## Problem
Exact copy, no pictures: return only the lines below from the line with "バーテープ ロードバイク用 ザー調" up to and including the line with "На фото видно, з".

### Information shown

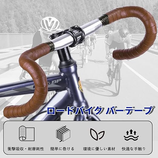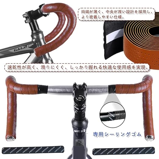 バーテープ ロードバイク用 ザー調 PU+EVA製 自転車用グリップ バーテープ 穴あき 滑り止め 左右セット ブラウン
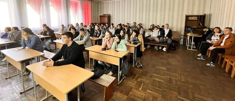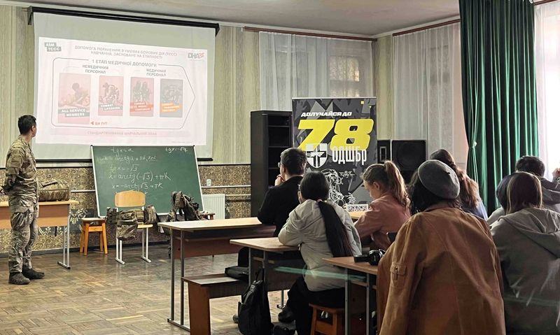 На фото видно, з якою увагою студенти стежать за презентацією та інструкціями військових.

######
### Information shown

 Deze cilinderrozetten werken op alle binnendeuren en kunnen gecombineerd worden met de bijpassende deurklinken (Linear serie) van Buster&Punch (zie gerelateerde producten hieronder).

######
### Information shown

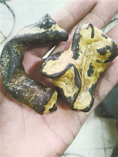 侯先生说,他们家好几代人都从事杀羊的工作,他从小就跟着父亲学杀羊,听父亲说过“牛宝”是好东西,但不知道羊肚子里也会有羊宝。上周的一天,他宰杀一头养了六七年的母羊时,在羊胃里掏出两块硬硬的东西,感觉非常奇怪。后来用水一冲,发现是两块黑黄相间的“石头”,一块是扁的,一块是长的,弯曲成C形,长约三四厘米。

######

## Response below
 バーテープ ロードバイク用 ザー調 PU+EVA製 自転車用グリップ バーテープ 穴あき 滑り止め 左右セット ブラウン
 На фото видно, з якою увагою студенти стежать за презентацією та інструкціями військових.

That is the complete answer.